Source data below:
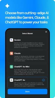 AskAI memanfaatkan kekuatan ChatGPT API, GPT-4o, Gemini, dan Claude untuk interaksi cerdas layaknya manusia. Dapatkan bantuan personal untuk komunikasi bisnis atau ekspresi kreatif Anda, disesuaikan dengan kebutuhan unik Anda.
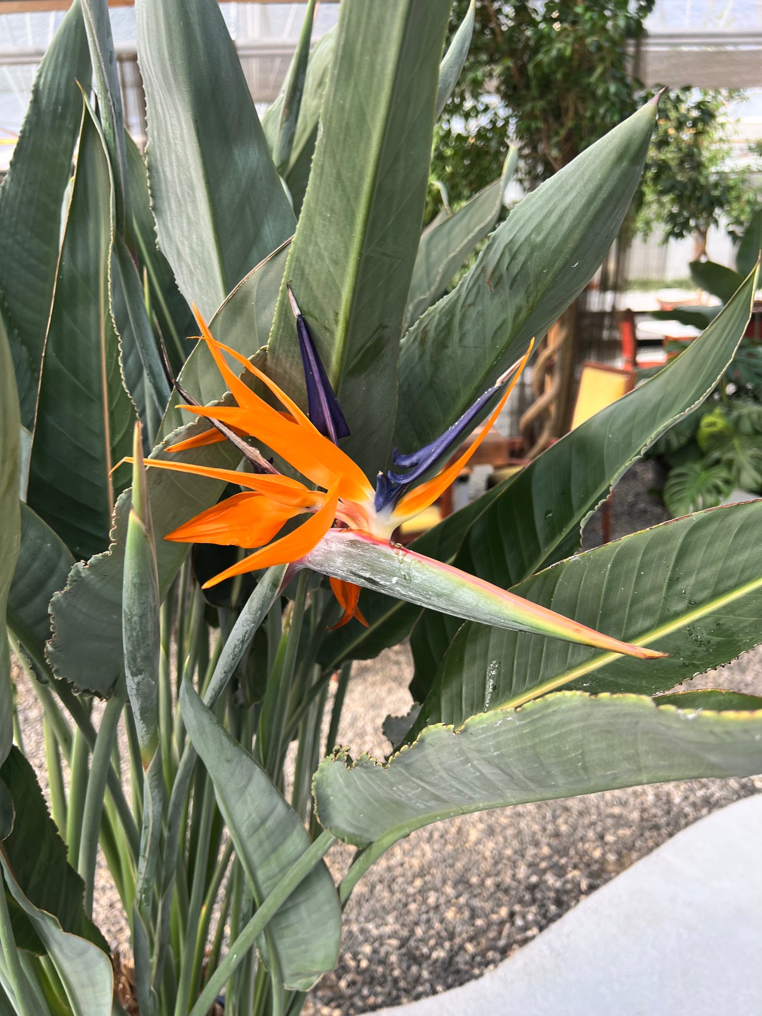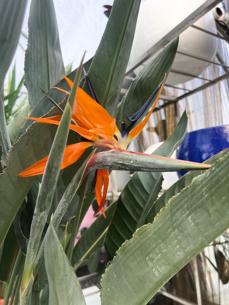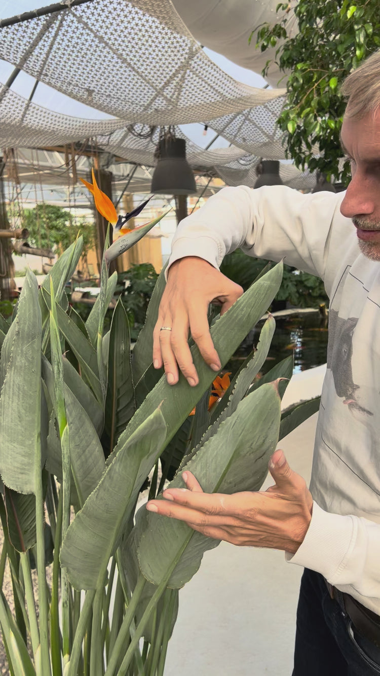 Aspect: Un exemplar matur de Strelitzia reginae, cu boboci și flori,este o plantă tropicală spectaculoasă, caracterizată prin:
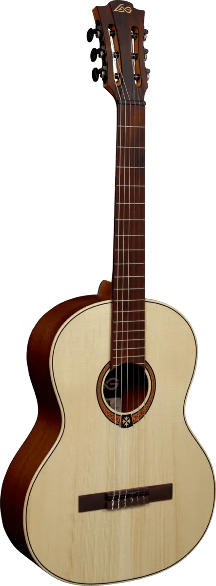 The Lâg OC70 classical guitar from the Occitania series is a wonderful combination of tradition and innovation. The solid Canadian Spruce top, Sapele back and sides, and black graphite nut and saddle make this guitar an outstanding choice for both beginners and classical guitar enthusiasts.
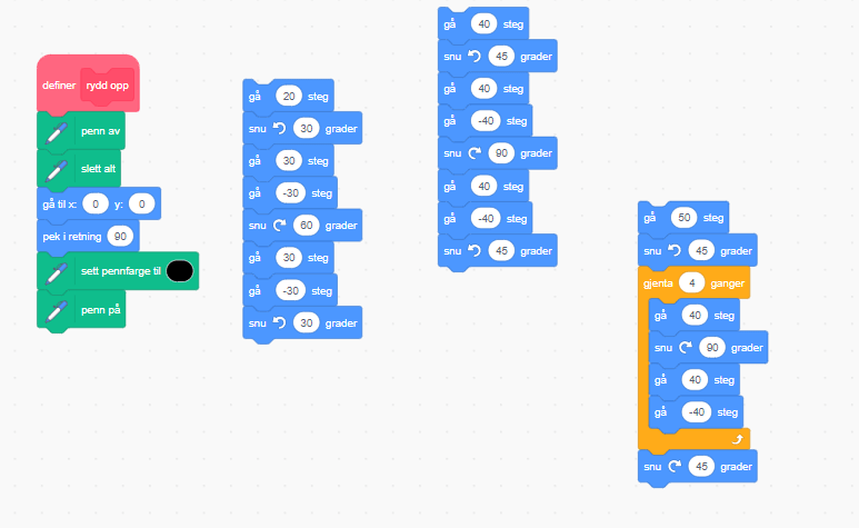 På https://oppgaver.kidsakoder.no finner du mange slike steg-for-steg oppgaver. Disse gir god lesetrening og de fleste elevene kommer som sagt i mål. Noen av oppgavene mangler noe informasjon som gjør at elevene må tenke selv for å komme i mål, i tillegg til at mange av oppgavene også inneholder muligheter for videreutvikling av programmene for de som synes det blir for lett.
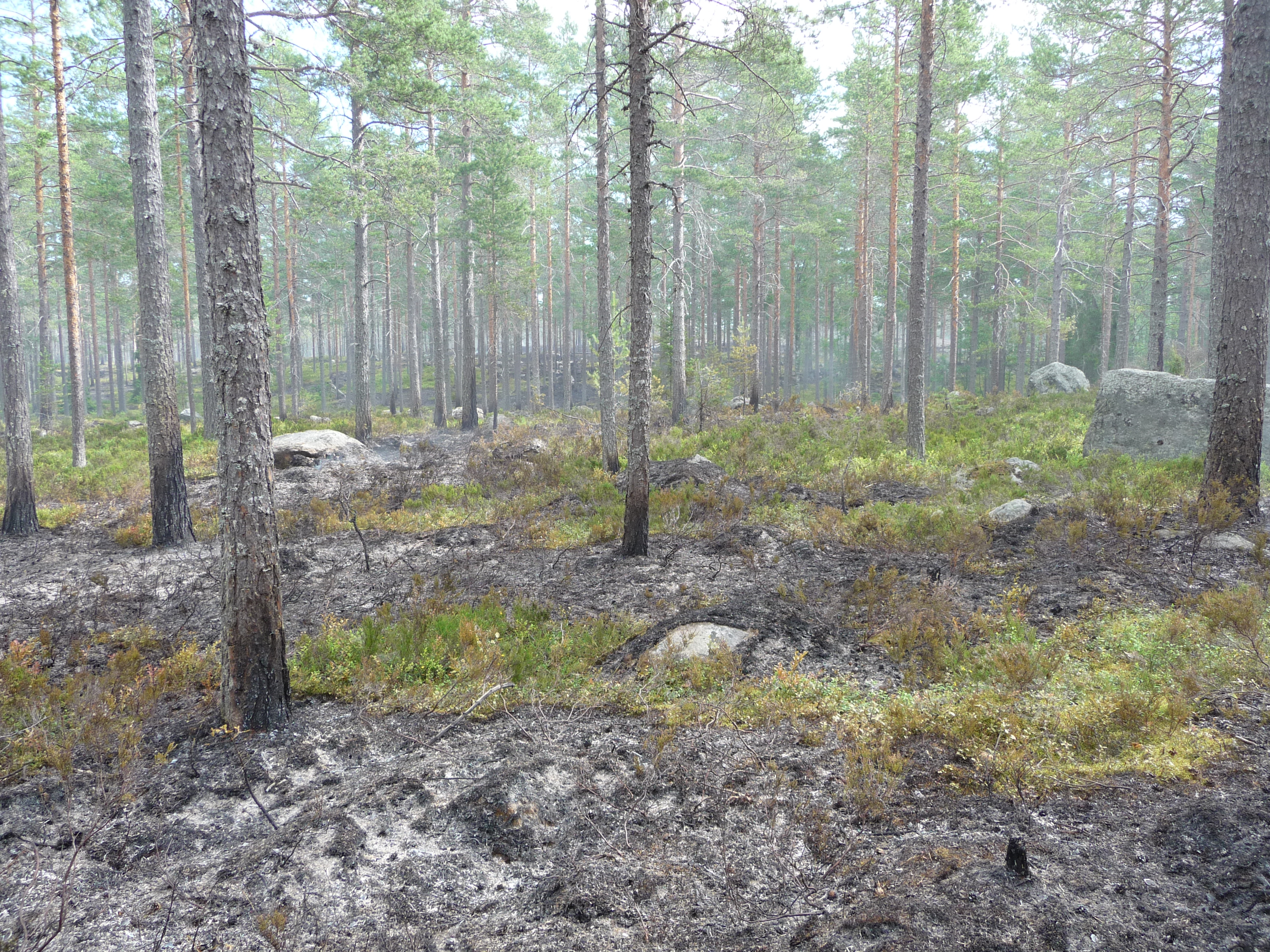 - Beskrivning: Efter naturvårdsbränning, naturvårdsbränningen omfattade 34 hektar tallskog med en medelålder på 110 år, hyggesbränning, brand, aska, rök
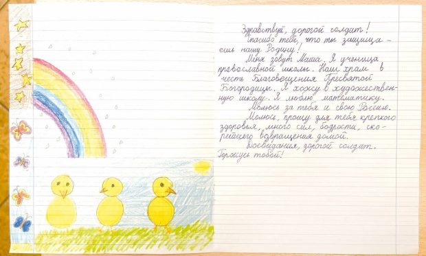Мы собираем детские письма, рисунки в специальные коробки у стендов с изображением Ангела - для последующей отправки нашим бойцам на фронт. Мы рады любым письмам: написанным здесь же, после просмотра кинофильмов, дома, в семьях, а также на приходах, в школах и классах на организованных педагогами уроках мужества!
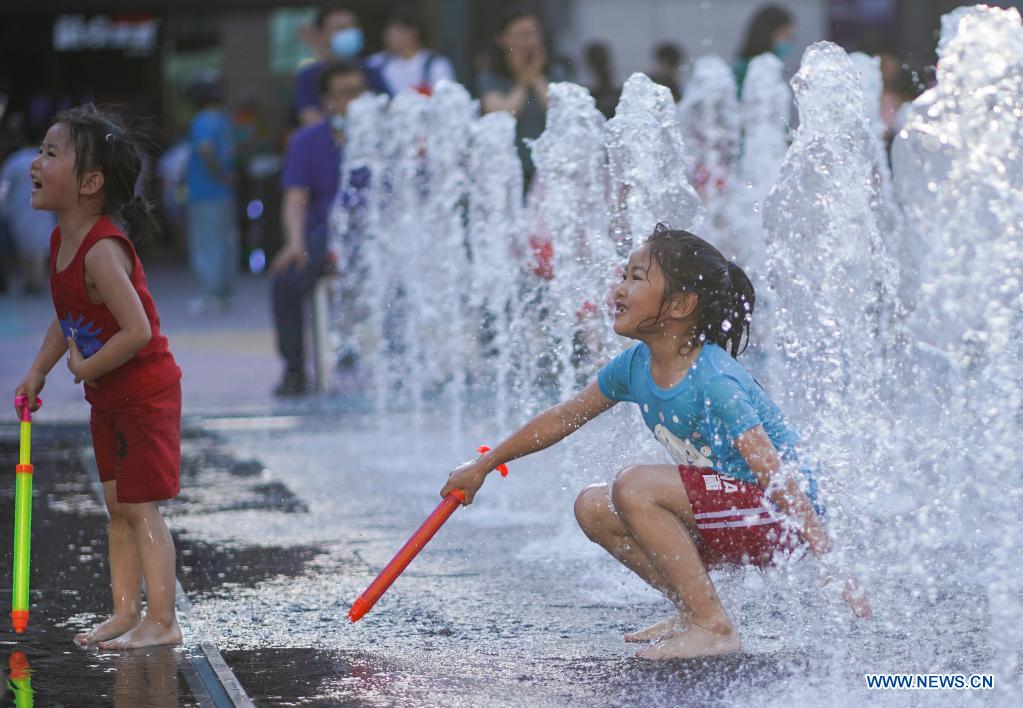 Children cool off at a fountain in Beijing, capital of China, June 20, 2021. (Xinhua/Chen Yehua)
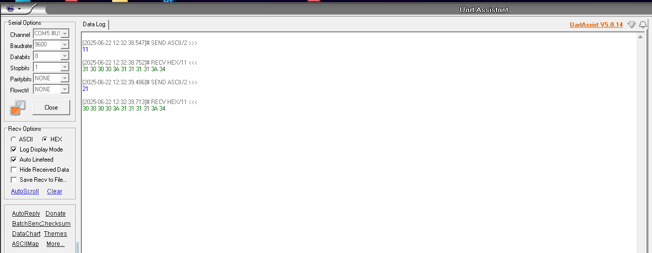 dans UART : HEX (et pas ASCII), dans MyModbus : ASCII et pas RTU → Il faudrait choisir RTU,
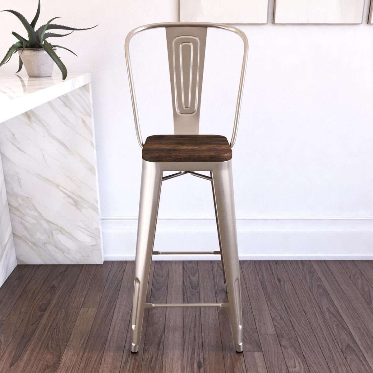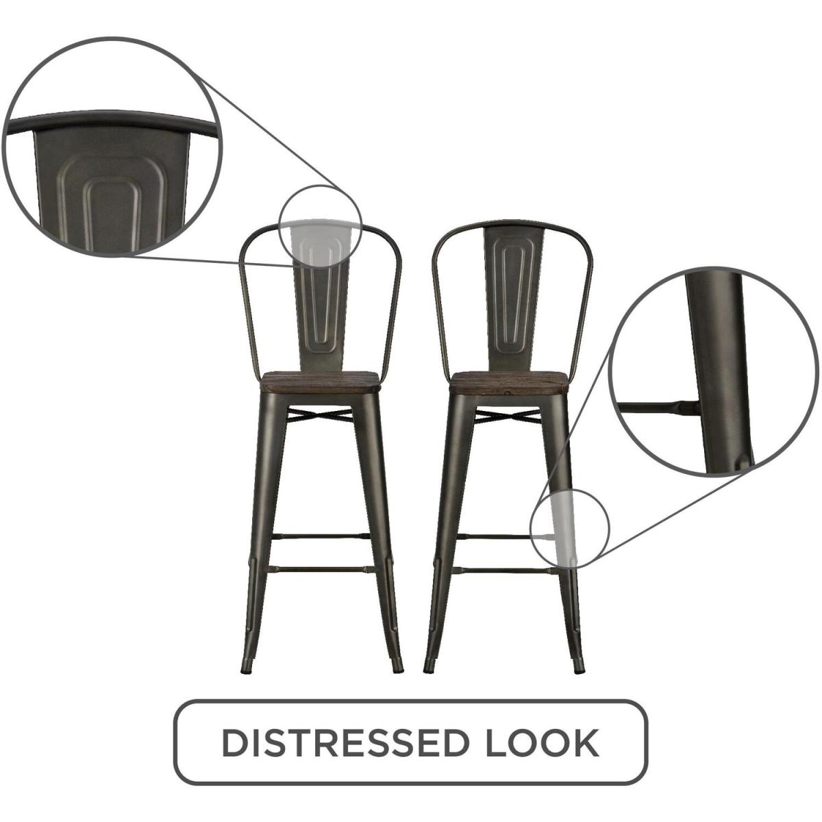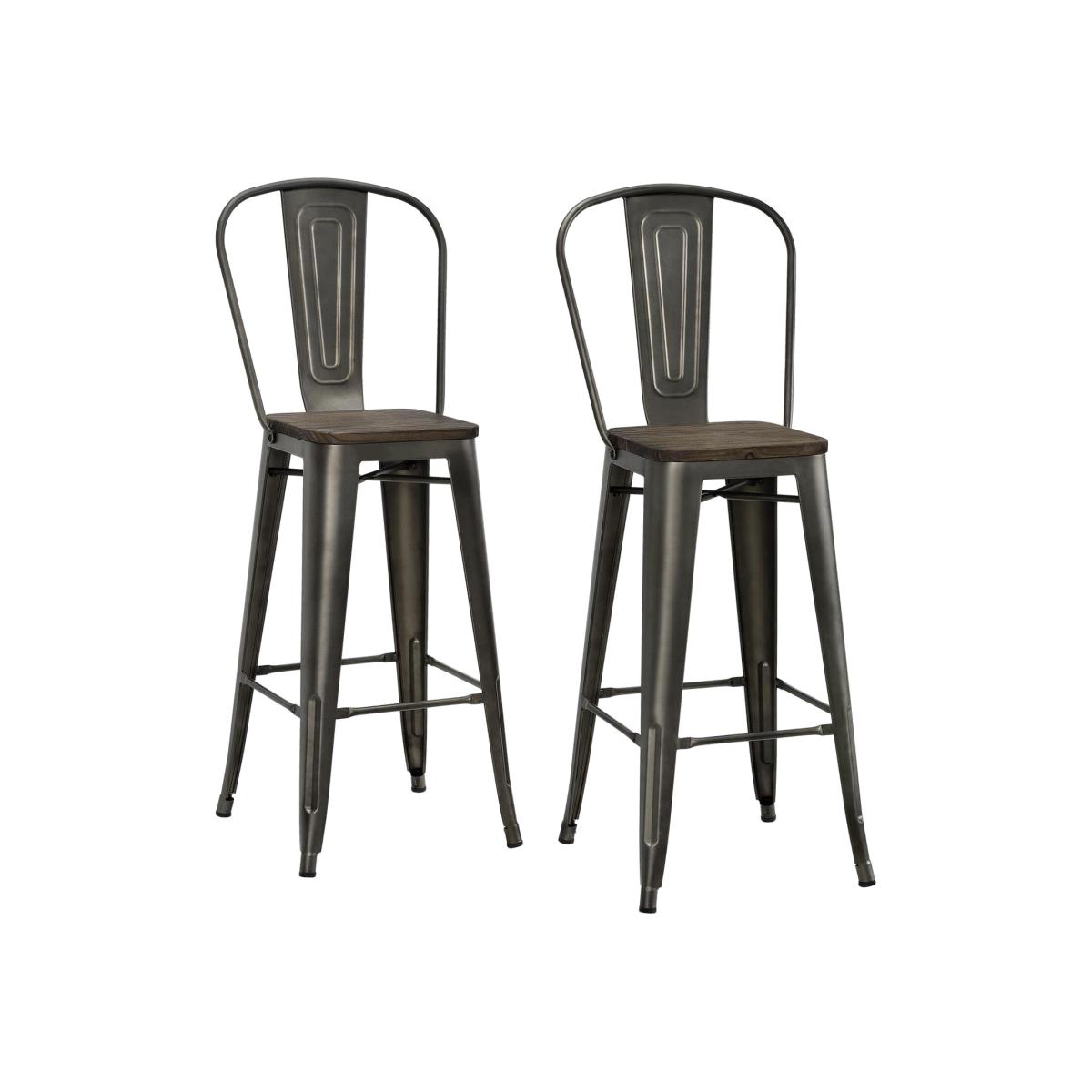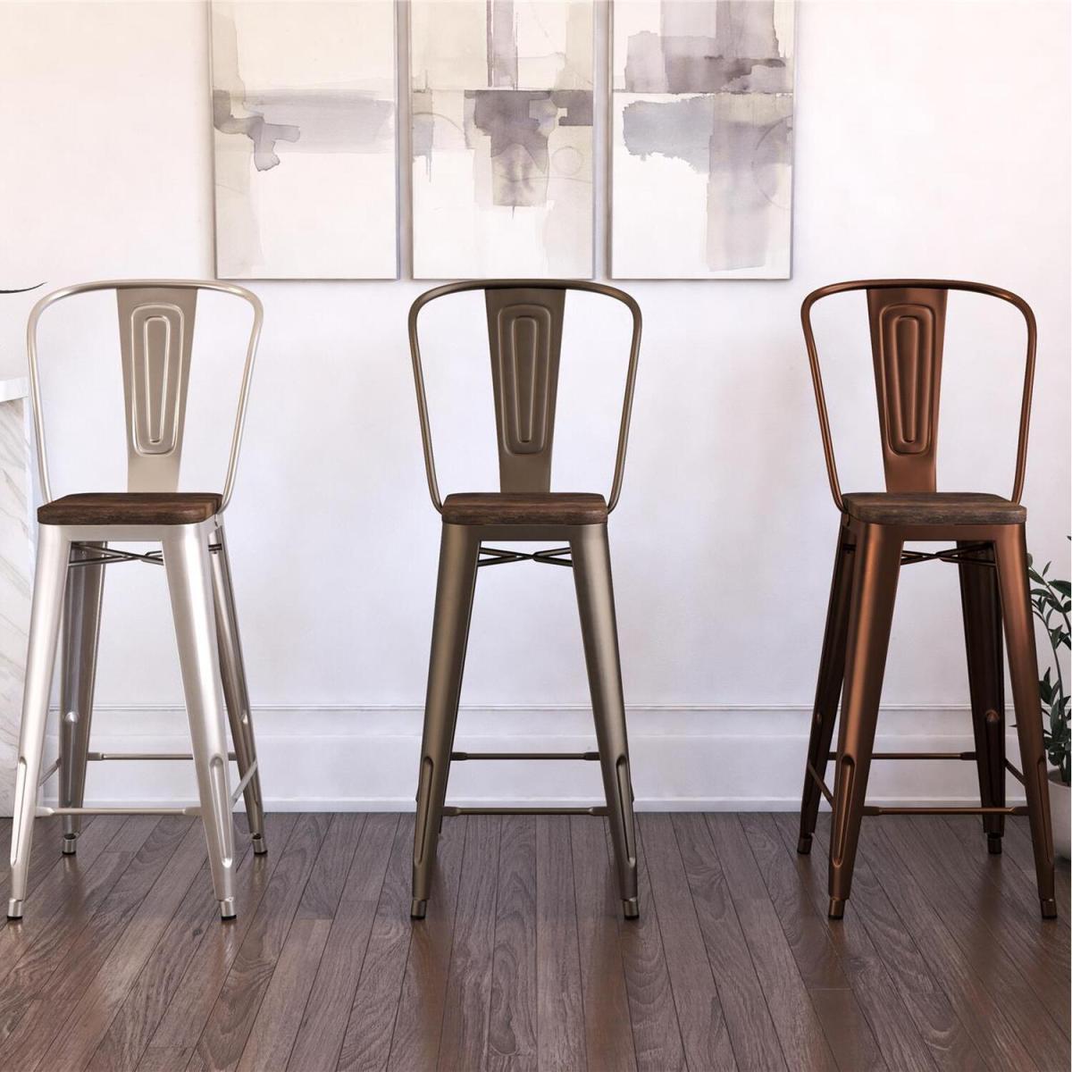 The Luxor 30" Metal Bar Stool with a wood seating surface is highly fashioned with a distressed finish and antique metal design. This urban counter stool is a classic statement piece, making it a perfect dining and conversation seat.
End of Source data.
Leaving pictures aside, give again word for word each line from the one with "dans UART : HEX" to the final line of the entries.

 dans UART : HEX (et pas ASCII), dans MyModbus : ASCII et pas RTU → Il faudrait choisir RTU,
 The Luxor 30" Metal Bar Stool with a wood seating surface is highly fashioned with a distressed finish and antique metal design. This urban counter stool is a classic statement piece, making it a perfect dining and conversation seat.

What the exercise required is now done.